The Post Office rebid the contracts and the same big airlines won them. Farley pointed out that the Post Office got a better deal; its yearly airmail costs fell from $20 million in 1933 to less than $13 million in 1934. The crisis focused attention on the need to overhaul the Army Air Corp in the years leading up to World War II. But Farley was privately furious with Roosevelt for not defending him against the attacks.
Farley also ran into trouble with the philatelic community over his s
tamp sheet giveaways. Prominent dealers complained that unlike ordinary stamps, the sheets lacked gum and perforations and were therefore quite rare. Indeed, no true maniac’s collection would be complete without them.
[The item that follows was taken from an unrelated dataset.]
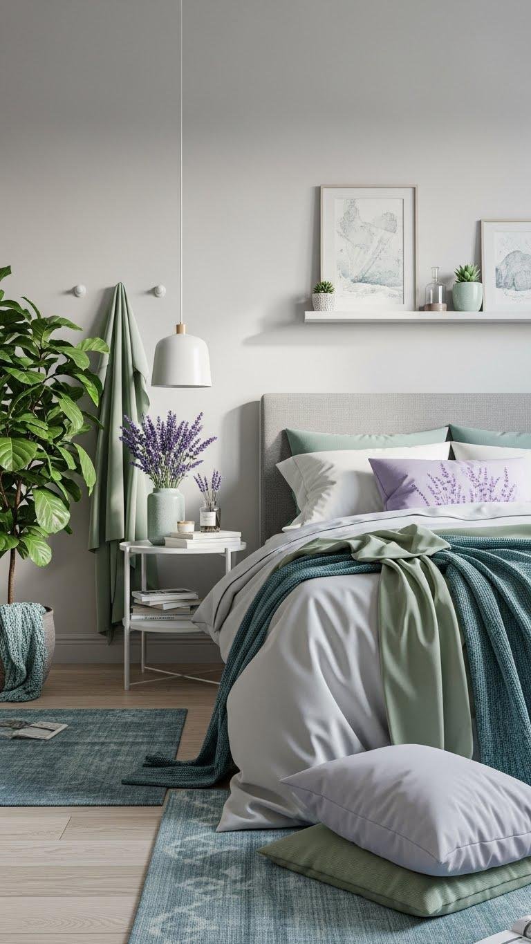 Soft Blues, Sage Greens, and Lavender Accents
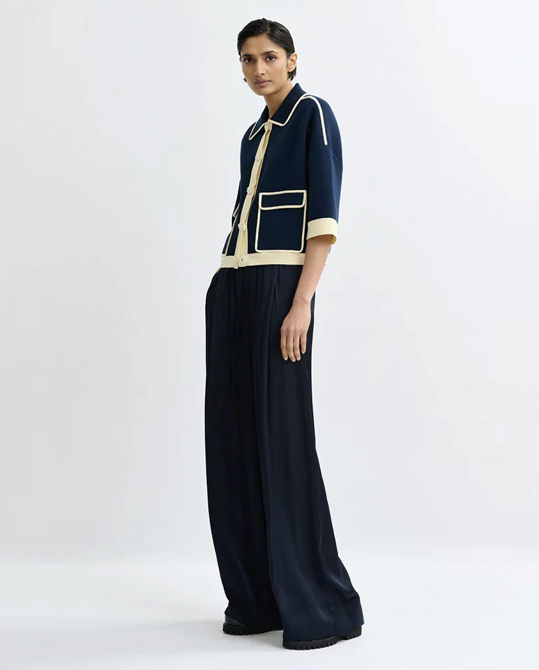 Essentiel Antwerp cardigan crafted from a fine knit for lightweight comfort. Designed for a relaxed fit, it features charming flower snap buttons and bold contrast trim for a playful touch. Finished with flap pockets and cropped 3/4 sleeves.

Columnists noted if the sheets ever turned up on the market, collectors would pay huge sums for them; therefore it wasn’t fair for Farley to dole them out to White House insiders.
Farley insisted the collectors were fussing over nothing, but the complaints continued, and in January 1935, Roosevelt told Farley to stop giving the sheets away. “I do not think that this should be continued, even if such sheets are regarded merely as samples and not available for postage in the regular way,” the president wrote to Farley in a memo. “Will you, therefore, be good enough to take steps to discontinue the issuance of any stamp or stamps except in the precise condition in which the issue is placed on sale at the Post Offices?”
Unfortunately, Farley had already given a sheet of Mother’s Day stamps to William Wallace Atterbury, president of the Pennsylvania Railroad. Atterbury passed the sheet on to a relative in Norfolk, Virginia, who hung it in her living room where a dealer spied it and offered to buy it for $15,000. When she turned him down, he raised his offer to $20,000 and then $22,5000. The dealer got the stamps and took them to New York to turn a profit. The news spread quickly among collectors, and they condemned Farley for ignoring their warnings.